Now let’s create a sandbox to play in.

If OBJECT_ID('sales.orders', 'U') Is Not Null
Begin
Drop Table
sales.orders;
End;

If OBJECT_ID('sales.order_items', 'U') Is Not Null
Begin
Drop Table
sales.order_items;
End;

If SCHEMA_ID('sales') Is Not Null
Begin
Drop Schema
sales;
End;

Go

Create Schema
sales;

Go
/*
Tables to hold sample data
*/
Create Table sales.orders
(
order_id INT IDENTITY(1,1)PRIMARY KEY,
customer_id INT
);

Create Table sales.order_items
(
order_detail_id INT IDENTITY(1, 1)PRIMARY KEY,
order_id INT,
product_id INT,
quantity INT
)

/*
Load Sample data
*/
INSERT INTO sales.orders (customer_id)
SELECT TOP 5
AO.[object_id]
FROM
sys.all_objects AS AO;

INSERT INTO sales.order_items
(
order_id,
product_id,
quantity
)
SELECT
1,
1,
7
Union ALL
Select
2,
1,
4
Union ALL
Select
3,
2,
6
Union ALL
Select
4,
2,
11
Union ALL
Select
5,
3,
1;

Now we want to return all the customers who have placed an order, but we only want to return the items where the quantity is greater than 5.  Here is method 1:
Select
O.customer_id,
OI.order_id,
OI.product_id,
OI.quantity
From
sales.orders AS O LEFT OUTER JOIN
sales.order_items AS OI ON
O.order_id = OI.order_id
Where
OI.quantity > 5;

This returns:

customer_id order_id    product_id  quantity
----------- ----------- ----------- -----------
3 1 1 7
7 3 2 6
8 4 2 11

Hmmm, we know we have orders from five customers, but this only returns the three rows.  Let’s look at the execution plan:

image

What’s that nest loops (inner join) operator?  Well, by putting the criteria for the RIGHT (second) table in the WHERE clause we essentially converted our LEFT OUTER JOIN to an INNER JOIN.  The correct way to get the data we want would be this way:

SELECT

    O.customer_id,

    OI.order_id,

    OI.product_id,

    OI.quantity

FROM

    sales.orders AS O LEFT OUTER JOIN

    sales.order_items AS OI ON

        O.order_id = OI.order_id AND

        OI.quantity > 5;

This returns what we would expect to see:

customer_id order_id    product_id  quantity
----------- ----------- ----------- -----------
3 1 1 7
5 NULL NULL NULL
7 3 2 6
8 4 2 11
17 NULL NULL NULL

And here is the execution plan:

image

Where you can see the Nested Loops (left outer join) operator.
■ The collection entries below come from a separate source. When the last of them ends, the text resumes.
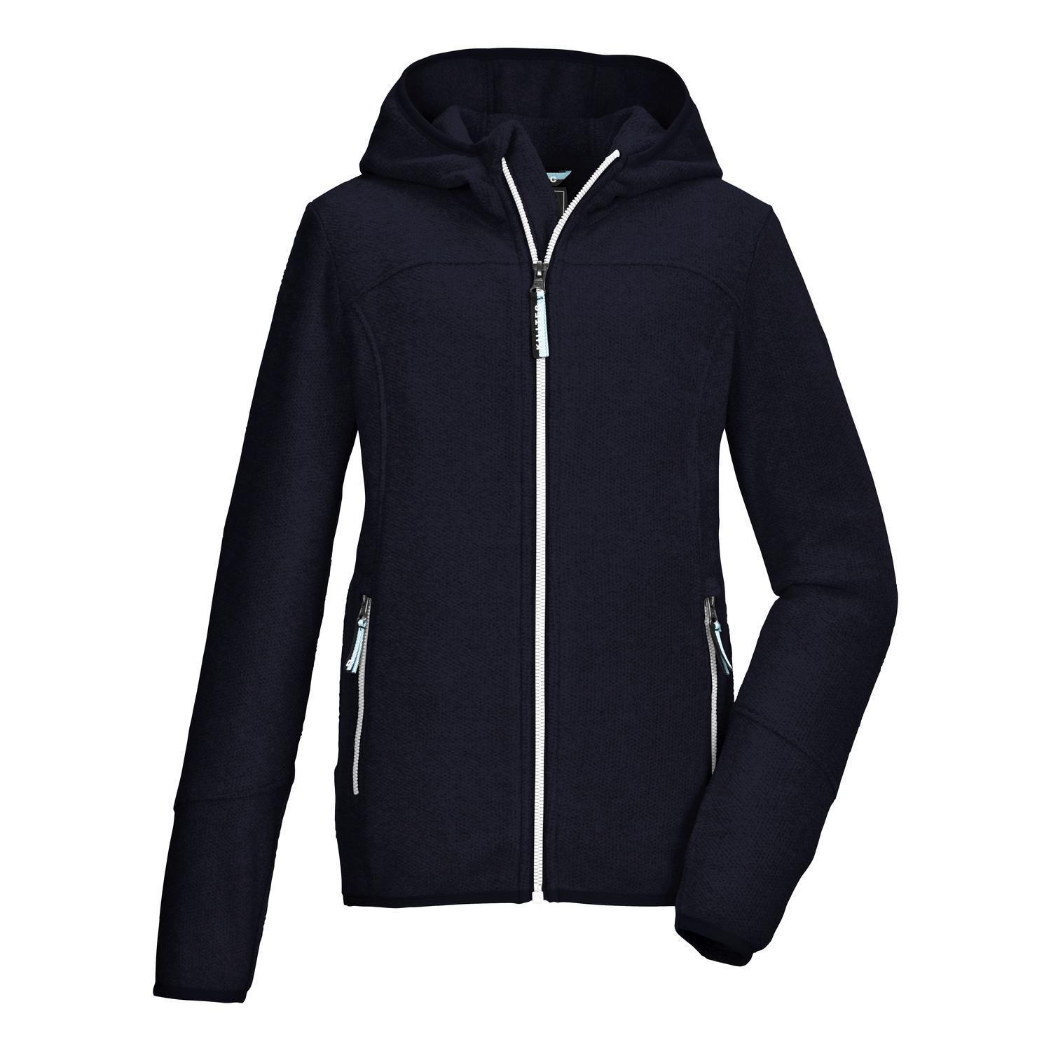 Kinder Strickfleecejackemit Kapuze, Ärmelbündchen und Saum elastischpraktische Taschen mit ZippernMelange Optikals Midlayer oder Übergangsjacke geeignetName: KOW 347 GRLS KNTFLC JCKTSaison: Herbst/WinterDie killtec Strickfleecejacke mit Kapuze in Melange Optik ist der perfekte Begleiter für die Kids in der kalten Jahreszeit. Die Ärmelbündchen und der Saum sind elastisch. Der Frontreißverschluss ist mit einem praktischen Kinnschutz versehen. Die zwei seitlichen Taschen lassen sich mit Zippern verschließen. Die Fleecejacke eignet sich als Midlayer unter der wetterfesten Jacke oder als leichte Übergangsjacke.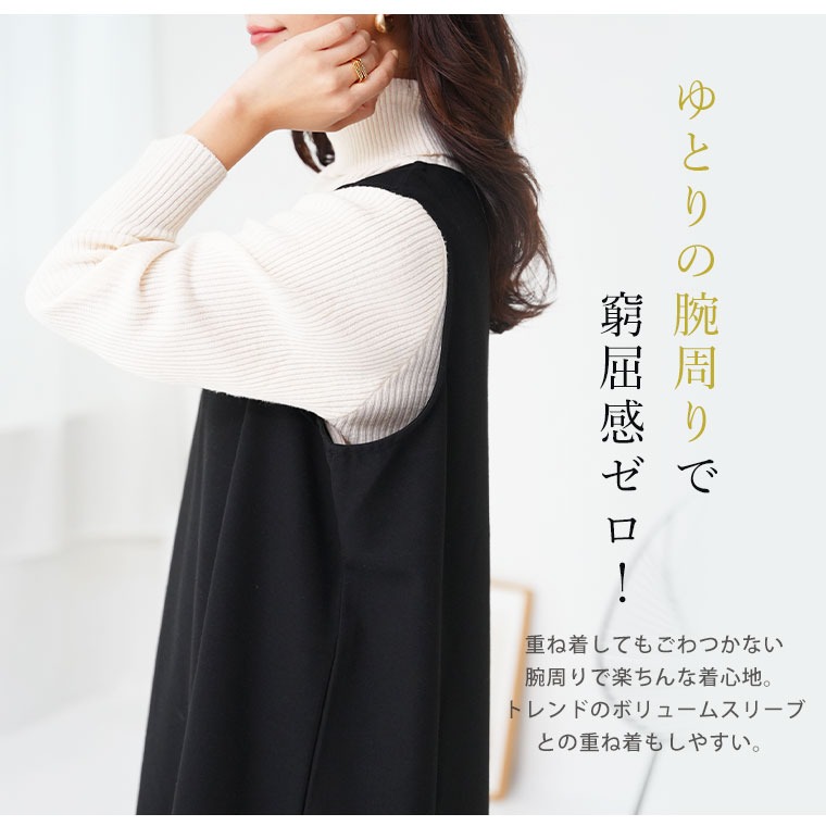 ■着用感:ちょうどいい、■着丈:ふくらはぎ下、■バスト:ちょうどいい、■腕回り:ちょうどいい、■袖口:ちょうどいい、■袖丈:-、首回りちょうどいい、■ウエスト:-、■ヒップ:-、■太もも:- ●スッキリと見え体型カバーができました。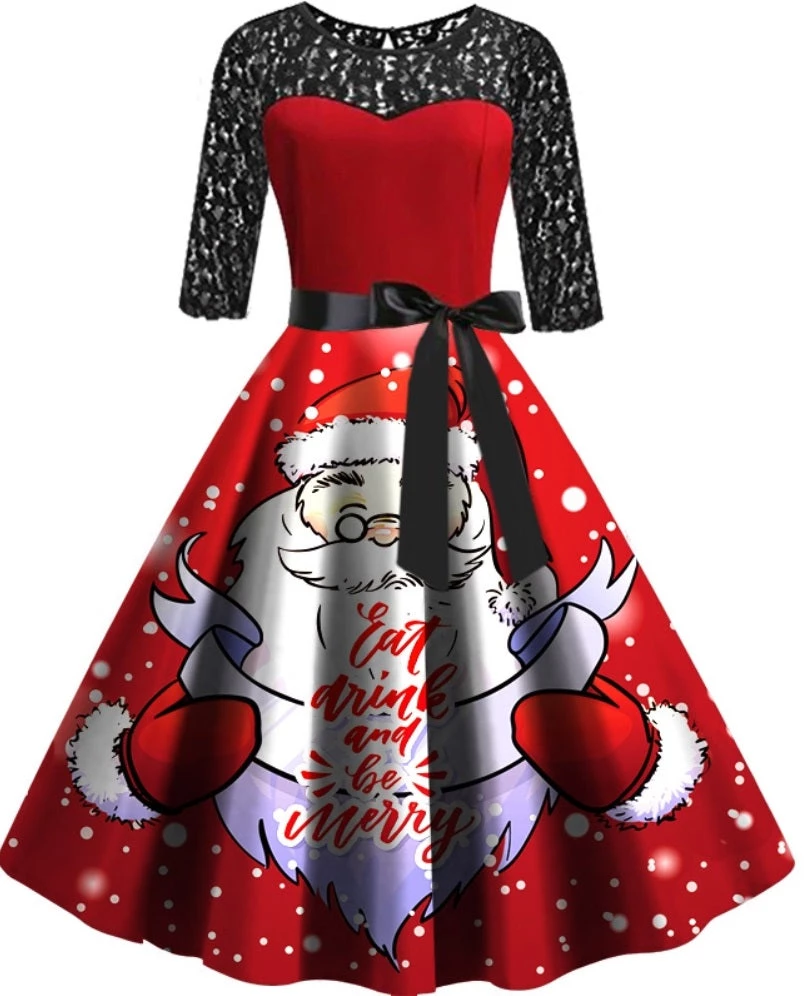This Beautiful Dress would be perfect for Christmas Day! Dress has Lace Sleeves and Top. Red Bust with a satin bow at the waist. Full Circle Skirt with Santa Claus ‘Eat, Drink and Be Merry’ Print. S – 2XL.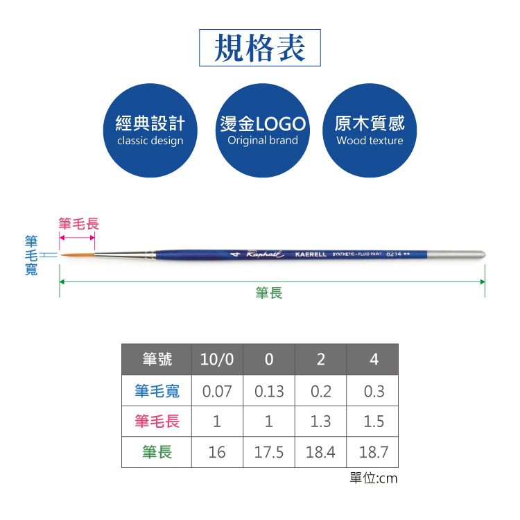 ●筆毛有彈性更耐用,中等長度適合操作細部。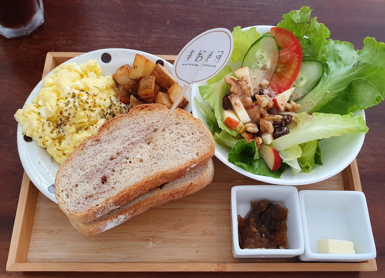早午餐味道都不錯,份量適合女生,剛剛好;尤其是鄉村麵包、果醬跟起司?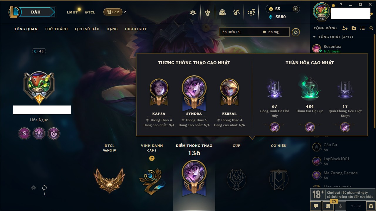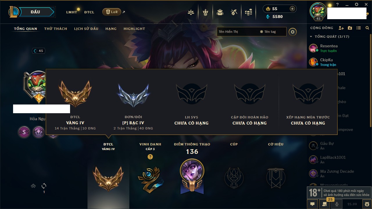 Rank Đơn: Vàng IKhung: BạcTướng: 171 - Còn 60584 THXTrang Phục: 286Rank ĐTCL: Vàng IIILinh Thú: 117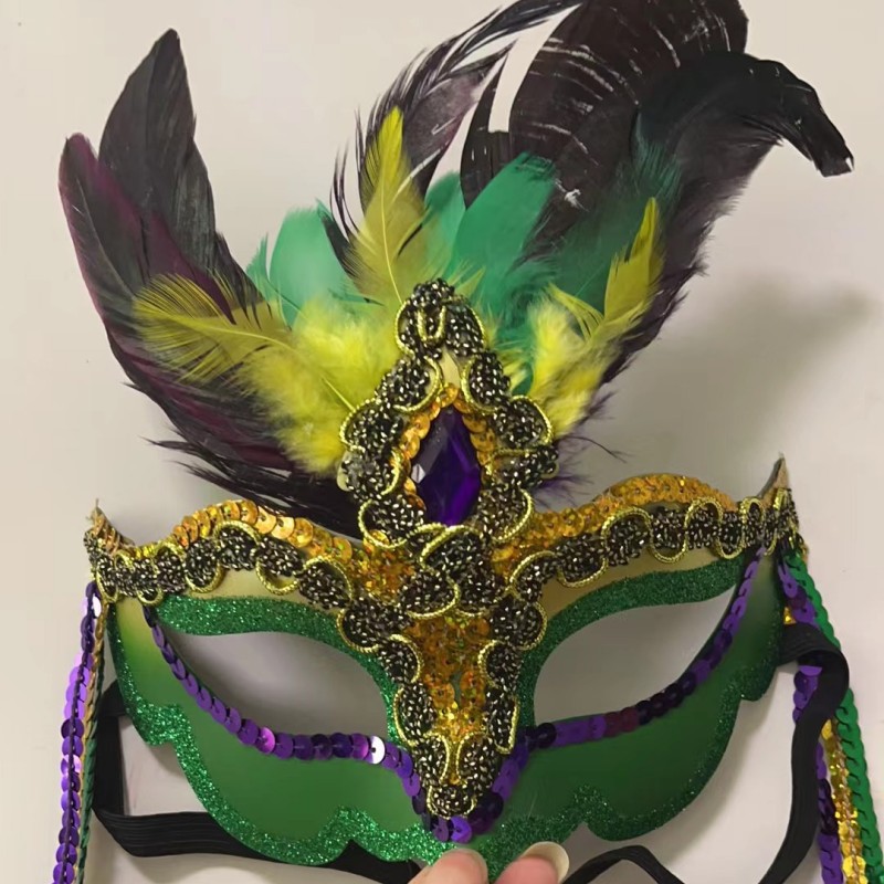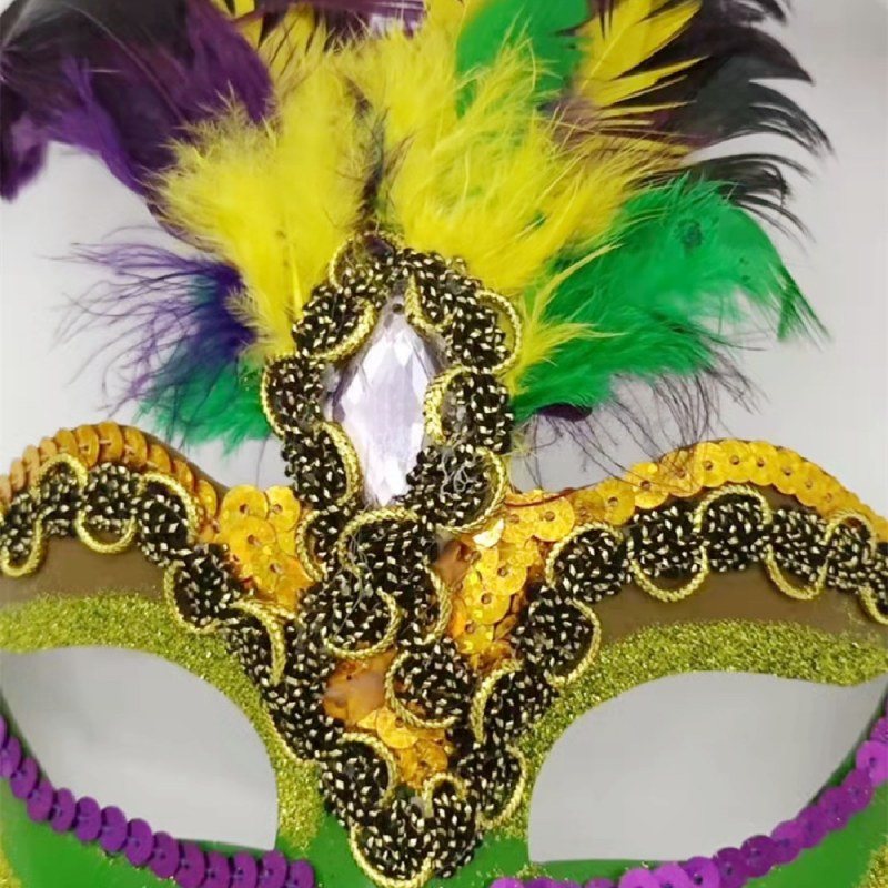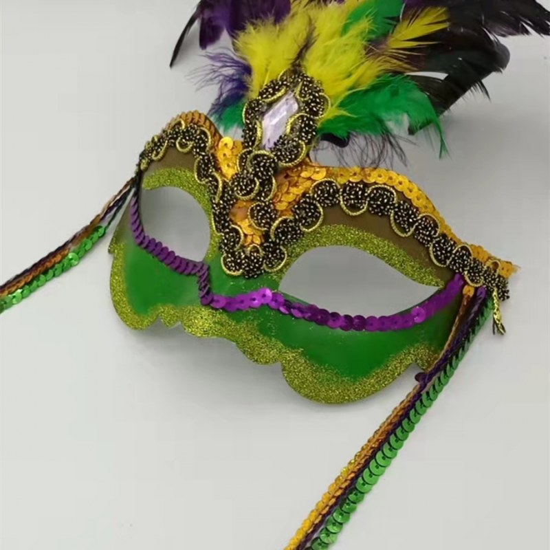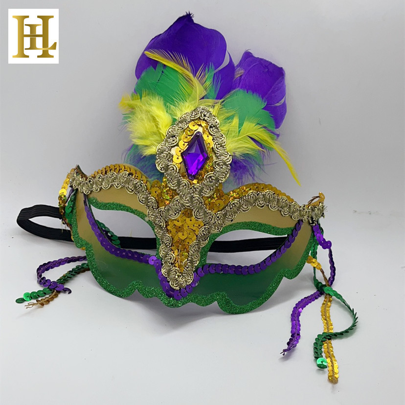 • 熱い販売プロムフェザー塗装ダスティングピンクゴールドグリーンパープルタッセルマスクカーニバルパーティーマルディグラマスク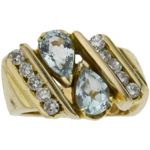 <B>Blue Topaz, Diamond, Gold Ring</B></I><BR><BR>The ring features pear-shaped blue topaz weighing a total of approximately 2.00 carats, accented by full-cut diamonds weighing a total of approximately 0.50 carat, set in 14k yellow gold. Gross weight 10.90 grams.<BR>Note: Size 5-3/4 (sizeable)<BR><BR> <B>Condition Report:</B> Good condition. Three of the diamonds are chipped.<BR><BR><b>Shipping:</b> Miscellaneous Collectibles, Smal (<a target="_blank" href="http://www.heritageauctions.com/common/shipping.php">view shipping information</a>)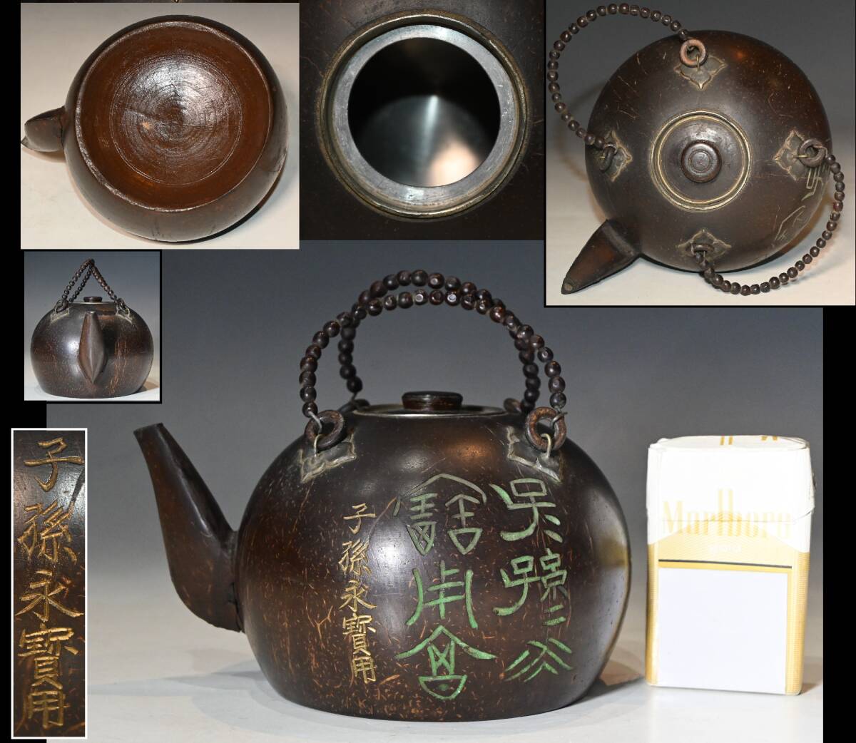 - 中国美術 時代 椰雕 椰子皮内錫製 漢詩彫 茶壷 茶器 急須 煎茶道具 茶注 錫器 椰子の実細工 子孫永寶 古玩 唐物 伝統工芸 金工 / 海南椰雕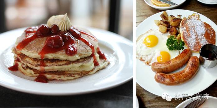 松饼与培根、煎蛋、香肠、土豆,蘑菇的组合是地道的美式Brunch(早午餐)吃法,如今松饼和Brunch已经成为沪上潮流,Mr.Pancake,这个以松饼为主打、Brunch为特色的西餐厅也已经是6年10店的业界标杆。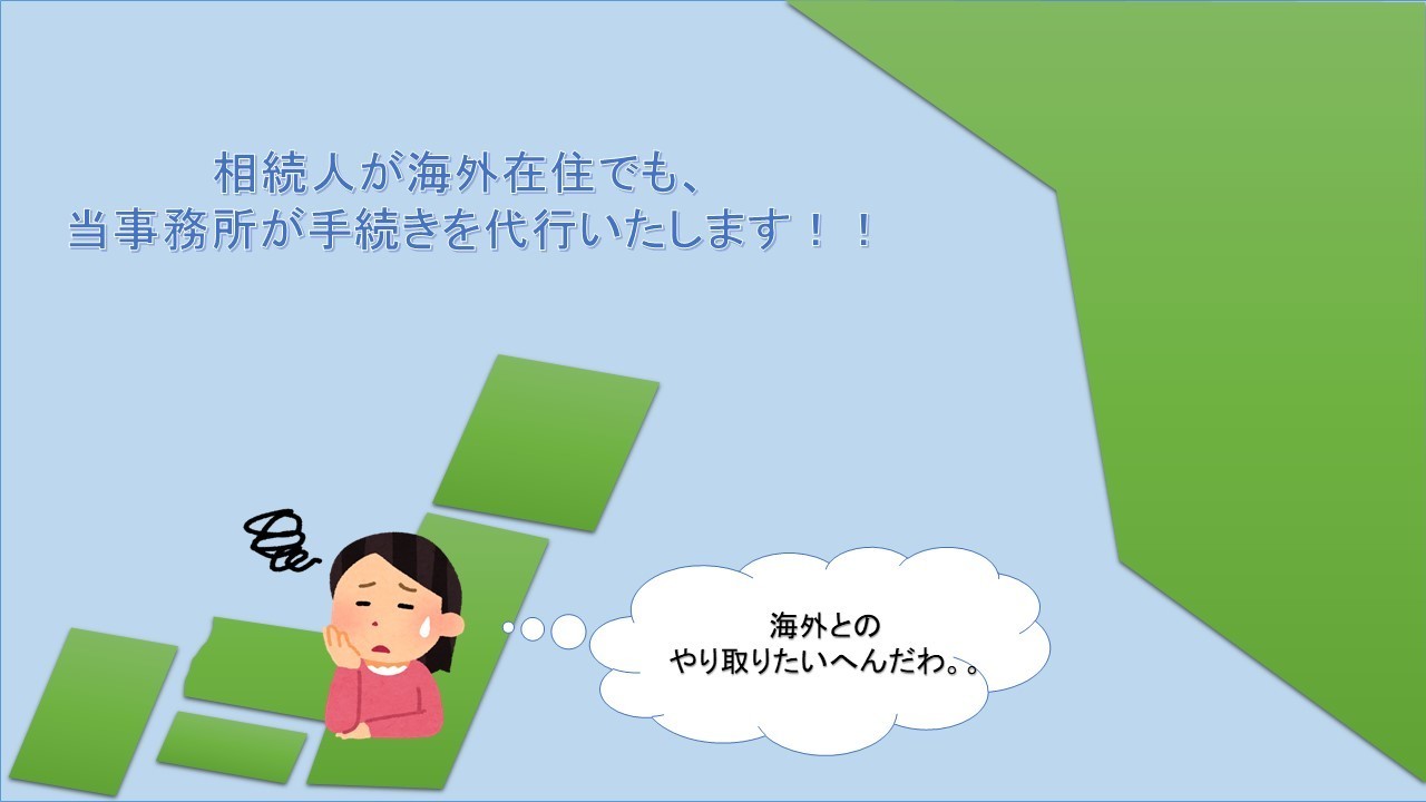 相続人の一部が海外在住で日本に住んでいない場合の相続人などとのやりとりも全てお任せください。相続に関して丁寧に説明し円滑な相続手続きができるようサポートします。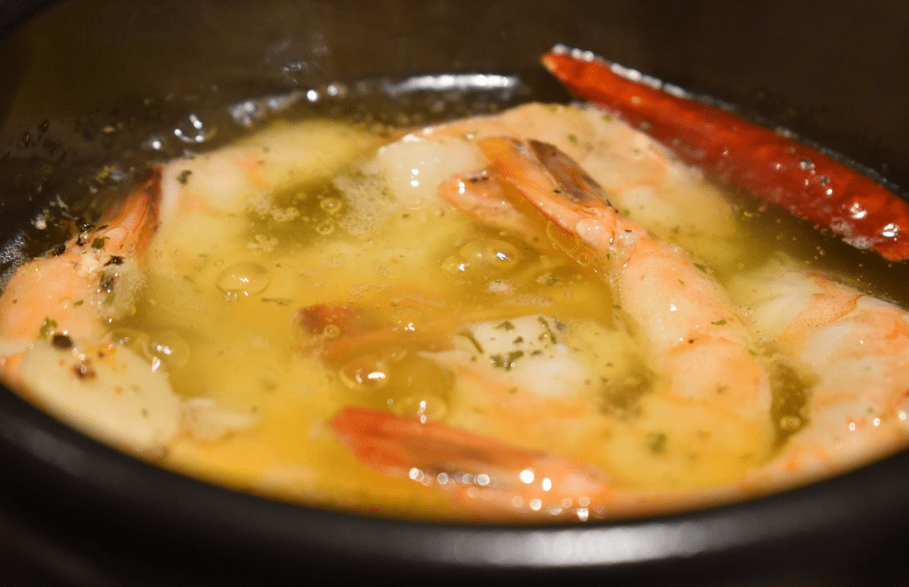プリプリの海老が躍る熱々のアヒージョは、香りまでご馳走です。

So yes, it does matter where you put your criteria when dealing with OUTER JOINS.

Posted in Code Example, Development, Programming, SQL Server | Leave a Comment »

Venturing into Powershell

Posted by sqlwiseguy on September 23, 2009

As you probably know if you read my blog regularly, I recently put together a presentation called, Dive into the Default Trace, and as part of that presentation I wanted to provide examples of different ways to archive the Default Trace files.  Here are the option I considered:

  1. fn_trace_gettable to load the data into a table.
  2. SSIS to archive the files.
  3. PowerShell to archive the files.
  4. xp_cmdshell and the copy command.

I immediately eliminated #4 because I don’t have xp_cmdshell enabled and because Chad Miller (@cmille19) had said in his Powershell talk that anything that requires xp_cmdshell is a good candidate for Powershell.  So I sent Chad an email asking him where to start and he was kind enough to help out.  I got a “working” script together and sent it off to Chad for review and he kindly told me my errors (there were several) and included a modified script that cleaned up my code.  I did make a couple of minor modifications after receiving the script from Chad.  The idea and starting point were mine, even if much of the finished product is Chad’s.  So here’s the code (please comment if you have any improvements):

# Written with much Assistance from Chad Miller 
# (http://chadwickmiller.spaces.live.com/Blog)
param ($serverName
)

#######################
function
Get-SqlData
{
param([string]$serverName=$(throw 'serverName is required.'
),
[
string]$databaseName=$(throw 'databaseName is required.'
),
[
string]$query=$(throw 'query is required.'
))

Write-Verbose
"Get-SqlData serverName:$serverName
databaseName:$databaseName query:$query"

$connString =
"Server=$serverName;Database=$databaseName;
Integrated Security=SSPI;"
$da = New-Object "System.Data.SqlClient.SqlDataAdapter" ($query,$connString
)
$dt = New-Object
"System.Data.DataTable"
[void]$da.fill($dt
)
$dt

}
#Get-SqlData

#######################
function
Get-TraceInfo
{
param($serverName
)

$qry =
@"
SELECT
RIGHT(T.path, CharIndex('\',
Reverse(T.path))-1) as current_file,
Substring(T.path, 1, Len(T.Path) -
CharIndex('\', Reverse(T.path))+ 1) as trace_path
FROM
sys.traces T
WHERE
T.is_default = 1
"@

Get-SqlData $serverName 'master'
$qry

}
#Get-TraceInfo

#######################
# MAIN
#######################

if ($serverName -eq $null
)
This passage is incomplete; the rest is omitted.